BOJ-prisoner-LR-vierkant-500x500

Prisoner: 2014

Raindrops on roses and whiskers on kittens

Bright copper kettles and warm woolen mittens

Sweet Hammond organ grooves and rough guitar strings

These are a few of my favorite things

Yes we have heard the classic organ and metal guitar combo before. It began in the era of Deep Purple and Atomic Rooster. Modern day standard bearers like Bigelf and Cosmic Nomads have kept it alive. I was really into Cosmic Nomads when I first heard “Vultress” and assisted in getting them added to Prog Archives. But it was nothing compared to how Birth of Joy grabbed me when “Prisoner” hit the speakers.

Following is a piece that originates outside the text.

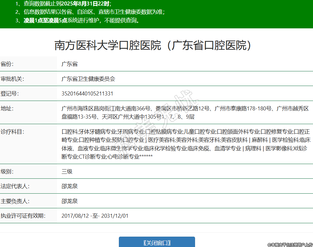 省份:廣東省審批機關(guān):廣東省衛(wèi)生健康委員會登記號:352016440105211331地址:廣州市海珠區(qū)昌崗街江南大道南366號、番禺區(qū)市橋新藝路12號、廣州市泰康路178-180號、廣州市越秀區(qū)盤福路13-35號、天河區(qū)廣州大道中1305號1、7、8、9層診療科目:口腔科;牙體牙髓病專業(yè);牙周病專業(yè);口腔粘膜病專業(yè);兒童口腔專業(yè);口腔頜面外科專業(yè);口腔修復(fù)專業(yè);口腔正畸專業(yè);口腔種植專業(yè);預(yù)防口腔專業(yè) | 醫(yī)療美容科;美容外科;美容牙科;美容皮膚科 | 麻醉科 | 醫(yī)學(xué)檢驗科;臨床體液、血液專業(yè);臨床微生物學(xué)專業(yè);臨床化學(xué)檢驗專業(yè);臨床免疫、血清學(xué)專業(yè) | 病理科 | 醫(yī)學(xué)影像科;X線診斷專業(yè);CT診斷專業(yè);心電診斷專業(yè)******級別:三級法定代表人:邵龍泉主要負(fù)責(zé)人:邵龍泉執(zhí)業(yè)許可證有效期:2017/08/12 -至- 2031/12/01 -

“H.T.,” you may ask, “what’s so special about this one? You said we have heard it before.” True, all the classic elements, including an infusion of the psychedelic and prog rock excess remains intact. A case like this deserves to be broken down. First, can the band even pull off an acceptable copy of the masters? Check. Next, can they write a good song? Check. Finally, can they rock your socks off? Hells yeah!!! Sounds good enough already right? Sure if a band wants to be nothing more than a good retro act. This trio from the Netherlands decided to thrown in some Hives attitude, INXS swagger and are surely fans of ‘90s Seattle grunge.

One description reads “dirty organ rock” and the band’s own tag is “Sixties on Steroids.” Both accurate but neither encompasses all of what Birth of Joy accomplishes on “Prisoner.” Oh yes there is balls to wall rockin’ and that will suck you in. Initially lulled into a false sense of no nonsense security until a light bulb clicks on, along with your brain. Damn, it’s intelligent too! The awakening will take no longer than “Three Day Road” as it courses through a gloom cloud laden, spacy journey. The title track is unexpectedly an experimental dirge, and “Holding On” plays like jazzy hippy jam. Three very different songs and all definitely belong on the same album. Other tracks take supernatural control of your hand forcing it to independently turn the volume higher and higher. Rock that is a load of fun… and stimulates the intellect… hmmm.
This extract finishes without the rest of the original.